• _Task prompt_
Using the data that follows, output only the lines from the line with "САЛАТ ИЗ СВЕЖИХ" up to and including the line with "Imagen de una", exactly, leaving pictures aside.

(Saved entries)
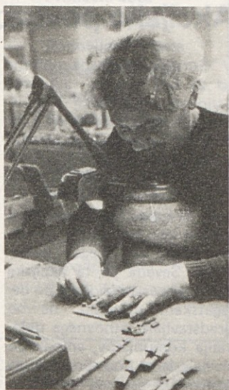
Začetek izdelave dekoderjev za teletext v obratu Gorenja Elektronika Široka potrošnja.

Potem, ko so sodelavci razvojne službe Gorenja Elektronika Široka potrošnja v sodelovanju s strokovnjakoma Gorenja Koerting v ZRN, doma razvili dekoder za teletext, je sedaj ta naprava že v redni proizvodnji. Z izdelavo dekoderjev so začeli 12. novembra in predvidevajo še letno skupno proizvodnjo 5000 kosov teh modulov. Dekoderje vgrajujejo v barvni televizijski sprejemnik marathon 809 ttx in kupci teh aparatov že lahko spremljajo teletext preko Televizije Ljubljana, ki posreduje najrazličnejše informacije, kratka poročila, športne rezultate in druge podatke. S pomočjo daljinskega upravljanja lahko v katerem koli času poiščete informacijo, ki te zanima.
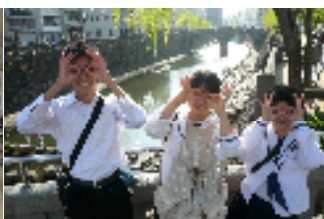
【みんな、何故か眼鏡?】
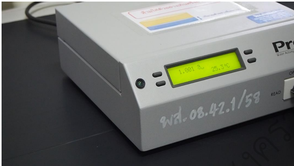
รูป 4.4 ตัวอย่างวีดิทัศน์ เรื่อง วิธีการใช้เครื่องวัดปริมาณน้ำอิสระ
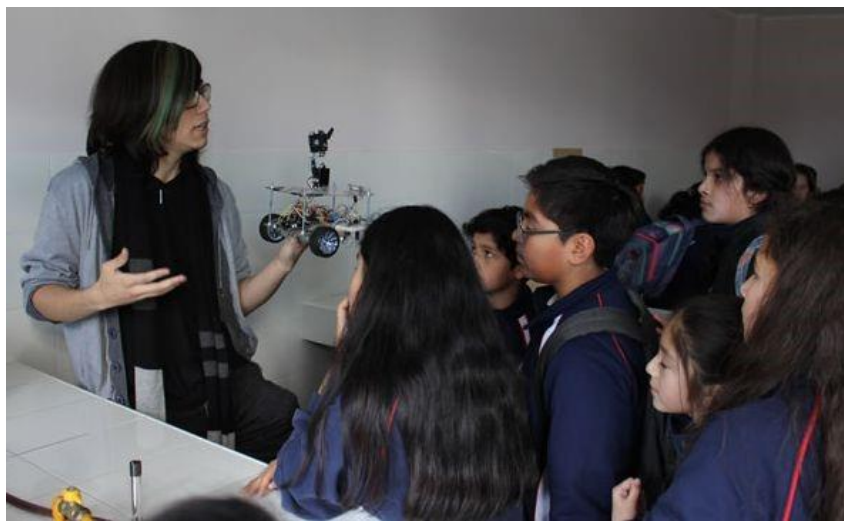
Figura N° 5. Taller de robótica para escolares de la ciudad de La Unión en la región de los Ríos.
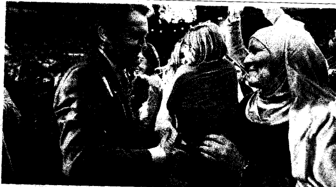
Artur Mas saluda a una mujer en un mitin en Barcelona. M. ANGELES TORRES

Europa Laica denuncia además que "una parte considerable de esos fondos económicos" dedicados a la próxima visita del papa en agosto saldrá del dinero público, "un hecho ya de por sí grave, pero que se agrava más en medio de la importante crisis económica, del desempleo y de los recortes de derechos sociales que estamos padeciendo".
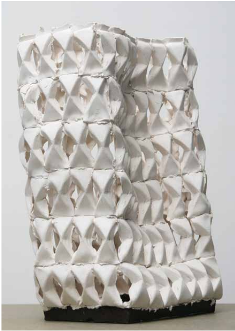
One-component piled until collapse 5 2014 Ceramic Sculptures 25 x 16 x 45 cm
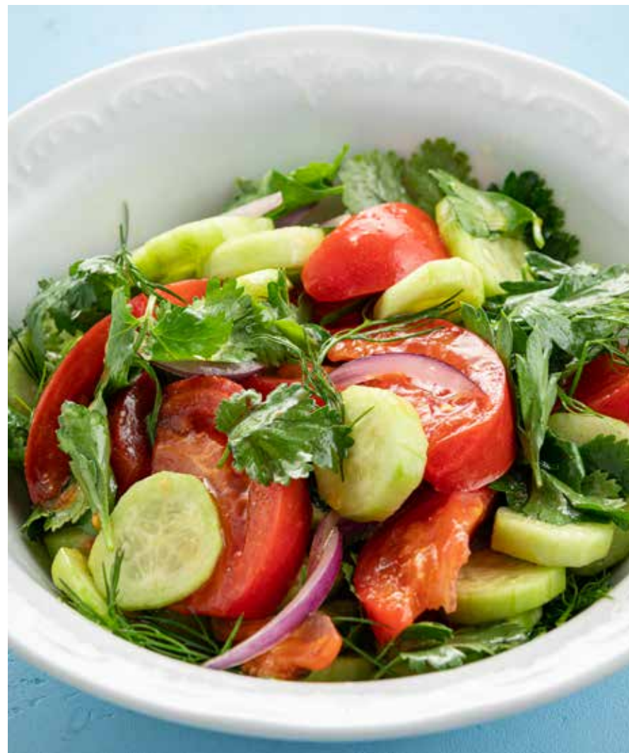
САЛАТ ИЗ СВЕЖИХ ОВОЩЕЙ Salad with fresh vegetables
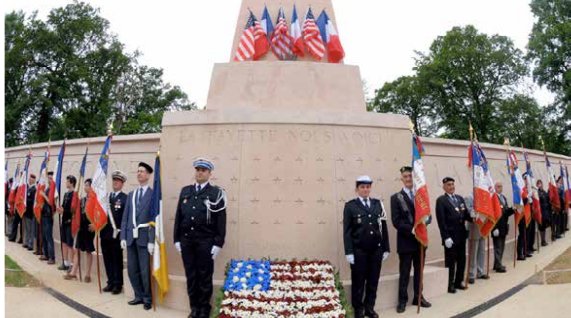
Inauguration des socles rénovés le 8 mai 2011
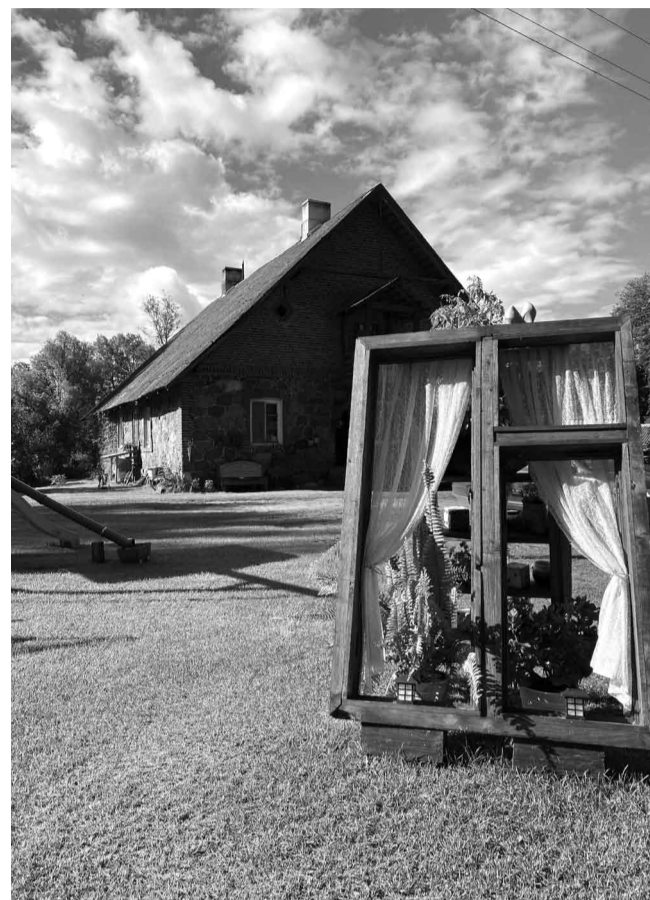
Ģimeņu māja ciemā “Saulrieti-2”, Brenģuļu ciemā, Brenģuļu pagastā

Šis ir īpašums, kas saņēma žūrijas speciālbalvu. Šo īpašumu raksturo vārdi “Māja ar auru – originalitātes pārsteigums”. Īpašnieki prasmīgi ir veidojuši savas sētas teritoriju izmantojot ik vienu brīvo vietu, šī ir iedvesmas sēta, kurā smelties idejas tam, kā realizēt savu redzējumu gan daiļdārzniecības jautājumā, gan saimniekošanā. Krāšņs dārzs ar pārdomātu teritoriju un daudzveidīgu augu kompozīcijām. Pagalma zonu papildina veidots baseins ar ūdens rozēm.
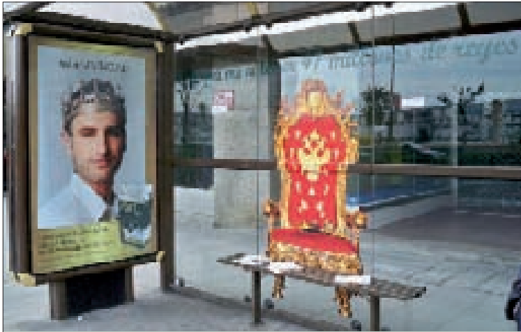
Imagen de una marquesina de la campaña del nuevo Unicla Premium.

En el microsite www.47millonesdereyes.com , creado expresamente para este cometido, los usuarios pueden recrear una coronación, hacer un “cursillo rápido de cómo ser rey”, con un código imaginativo e irreverente pero capaz de transmitir, en todo momento, el eje central de la campaña: “Unicla te ayuda a cuidarte como nadie”.
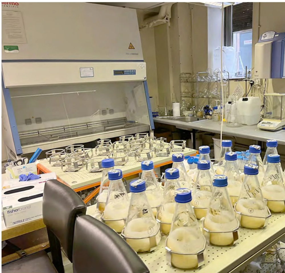
Cultivos bacterianos a gran escala para la extracción de metabolitos.

• _Result of this task_
САЛАТ ИЗ СВЕЖИХ ОВОЩЕЙ Salad with fresh vegetables
Inauguration des socles rénovés le 8 mai 2011
Ģimeņu māja ciemā “Saulrieti-2”, Brenģuļu ciemā, Brenģuļu pagastā

Šis ir īpašums, kas saņēma žūrijas speciālbalvu. Šo īpašumu raksturo vārdi “Māja ar auru – originalitātes pārsteigums”. Īpašnieki prasmīgi ir veidojuši savas sētas teritoriju izmantojot ik vienu brīvo vietu, šī ir iedvesmas sēta, kurā smelties idejas tam, kā realizēt savu redzējumu gan daiļdārzniecības jautājumā, gan saimniekošanā. Krāšņs dārzs ar pārdomātu teritoriju un daudzveidīgu augu kompozīcijām. Pagalma zonu papildina veidots baseins ar ūdens rozēm.
Imagen de una marquesina de la campaña del nuevo Unicla Premium.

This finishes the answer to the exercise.